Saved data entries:
==========

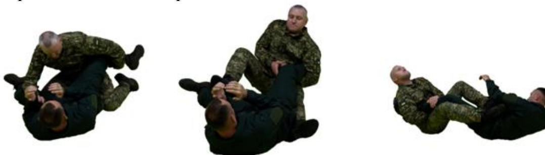
Рис. 37. Ущемлення литкового м'язу

Ущемлення литкового м'язу (рис. 37) – з положення на спині провести передпліччя правої руки під литковим м'язом противника, стегнами охопити атаковану ногу та схрестити ноги, з'єднати руки в замок та відхиленням спини назад провести больовий прийом.
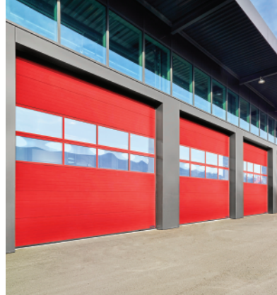
Microgroove pintado Galaxy con 2 vistas completas Secciones de Aluminio

Las secciones de vista completa (opción 3) también pueden ser pintadas para que hagan juego con la puerta.
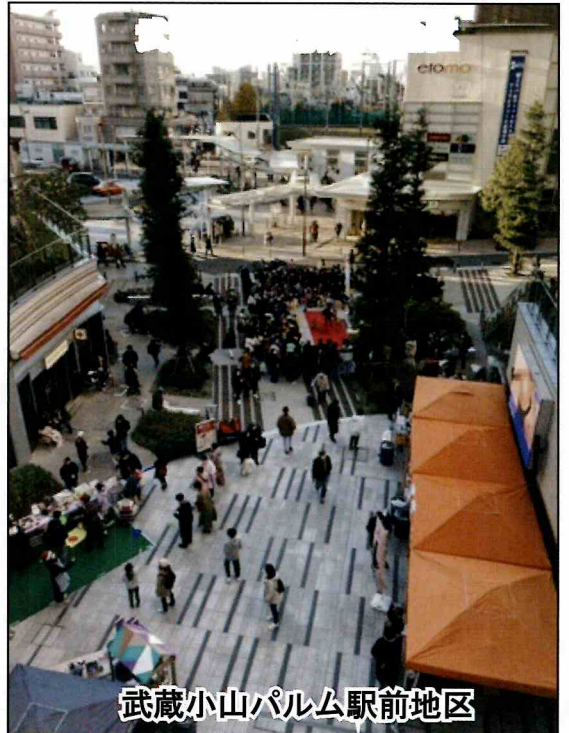
武蔵小山パルム駅前地区

組合事務所：品川区小山三丁目26番9号 駅サイドビル6階 連絡先：03 - 6426 - 7133

==========

TASK GOAL: Check each line of the entries, and copy the ones that contain "литкового".

WRITTEN RESPONSE:
Рис. 37. Ущемлення литкового м'язу
Ущемлення литкового м'язу (рис. 37) – з положення на спині провести передпліччя правої руки під литковим м'язом противника, стегнами охопити атаковану ногу та схрестити ноги, з'єднати руки в замок та відхиленням спини назад провести больовий прийом.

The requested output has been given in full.